Top of Given material
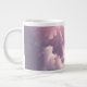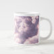 A solitary hot-air balloon floats through the pale pink canyon between towering clouds. The sun, low in the pastel sky, glows behind the edge of the billows, sending streams of bright light towards the viewer.
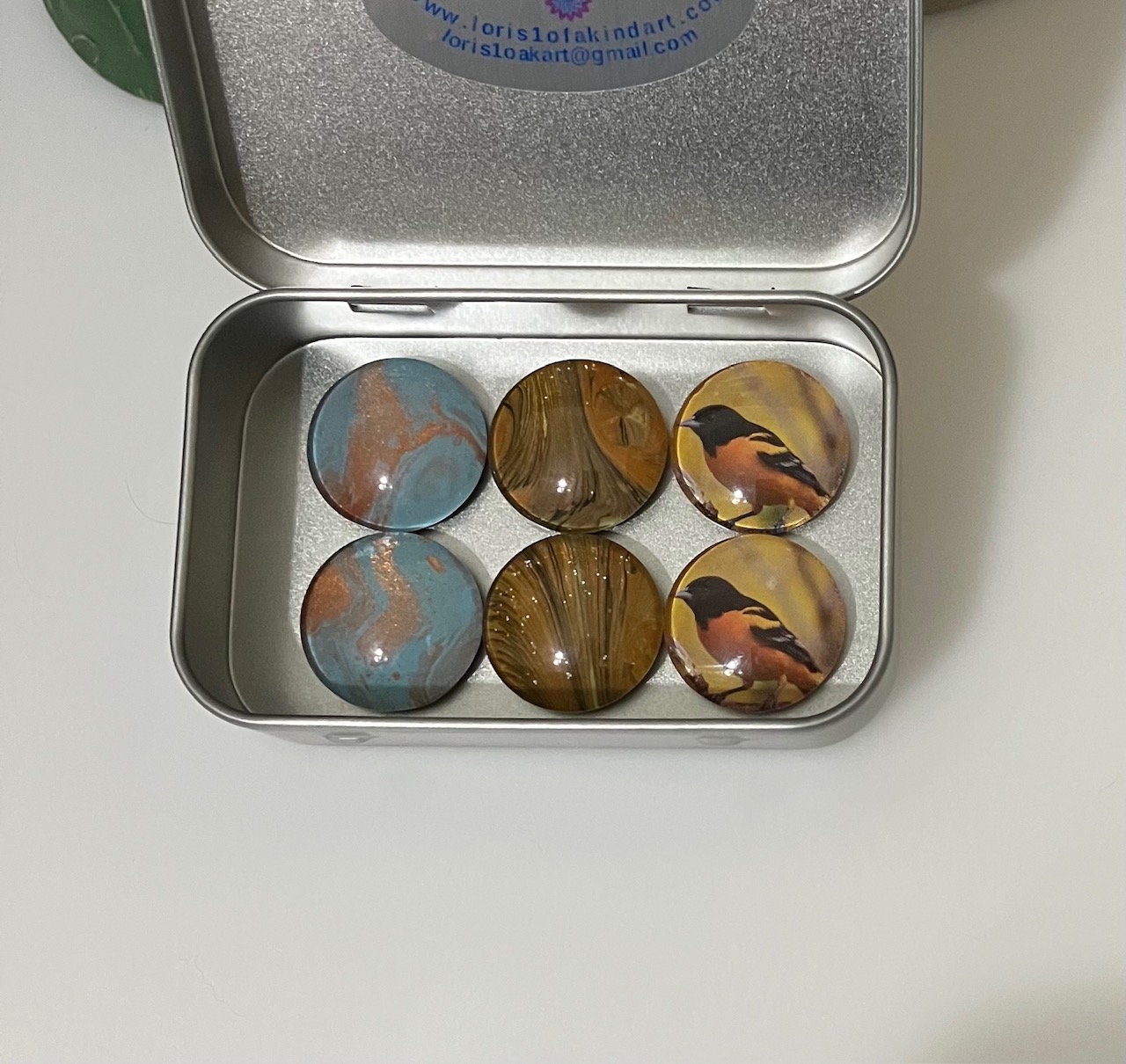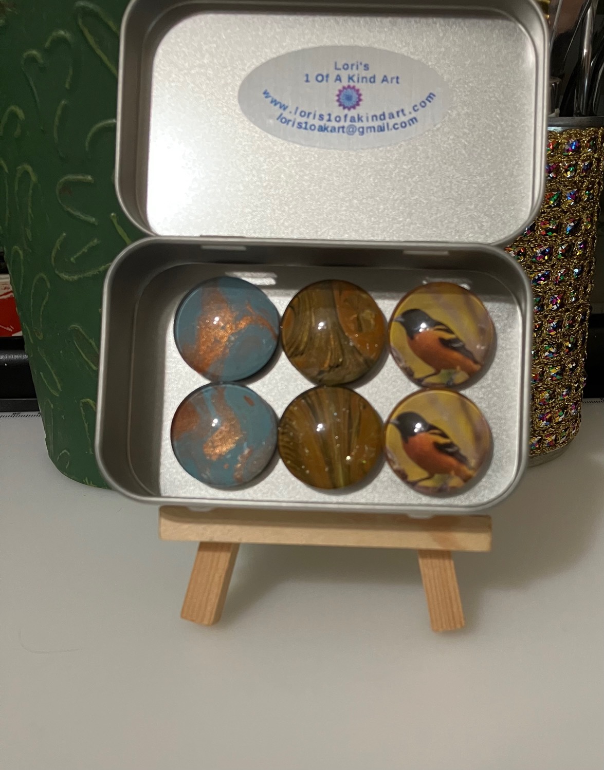 This item is a set of 4 acrylic pour and 2 pho art refrigerator magnets. They are 1 inch (25mm) in diameter. They’re very strong magnets. One of these magnets will easily hold several sheets of paper by itself. They’re a perfect unique gift for anyone or just for yourself as they are all one of a kind pieces of art!
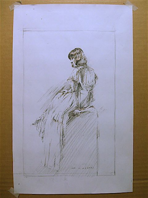 ①まず自分の構想のイメージに合ったポーズをモデルさんに20パターンくらいポーズしてもらい、その中で気に入ったものを2~3枚クロッキーします。(ケント紙にシャーペン3Bで)⇩
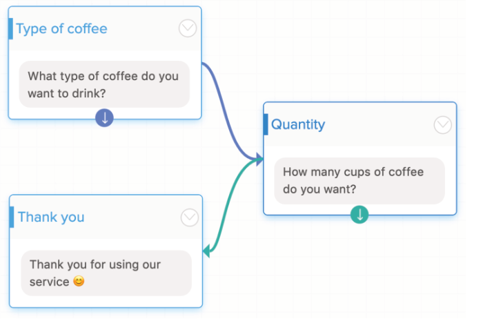 Avec le principe de priorité, si vous ne définissez aucune valeur de Response Validation (validation de la réponse) ou aucune Condition du Connecteur pour le bloc, il utilisera automatiquement le bloc suivant comme réponse. Et si le bot ne peut toujours pas comprendre les phrases du client, le bloc de secours Auto Fallback when bot can not respond (repli automatique lorsque le bot ne peut pas répondre) sera alors déclenché (ce block de sécurité doit être activé dans les paramètres du Bot Builder, onglet Behaviors (comportements)).
Bottom of Given material
■ **Exercise details**: In your copy of the material, match every word exactly and include no pictures.

■ **Solution for this exercise**:
 A solitary hot-air balloon floats through the pale pink canyon between towering clouds. The sun, low in the pastel sky, glows behind the edge of the billows, sending streams of bright light towards the viewer.
 This item is a set of 4 acrylic pour and 2 pho art refrigerator magnets. They are 1 inch (25mm) in diameter. They’re very strong magnets. One of these magnets will easily hold several sheets of paper by itself. They’re a perfect unique gift for anyone or just for yourself as they are all one of a kind pieces of art!
 ①まず自分の構想のイメージに合ったポーズをモデルさんに20パターンくらいポーズしてもらい、その中で気に入ったものを2~3枚クロッキーします。(ケント紙にシャーペン3Bで)⇩
 Avec le principe de priorité, si vous ne définissez aucune valeur de Response Validation (validation de la réponse) ou aucune Condition du Connecteur pour le bloc, il utilisera automatiquement le bloc suivant comme réponse. Et si le bot ne peut toujours pas comprendre les phrases du client, le bloc de secours Auto Fallback when bot can not respond (repli automatique lorsque le bot ne peut pas répondre) sera alors déclenché (ce block de sécurité doit être activé dans les paramètres du Bot Builder, onglet Behaviors (comportements)).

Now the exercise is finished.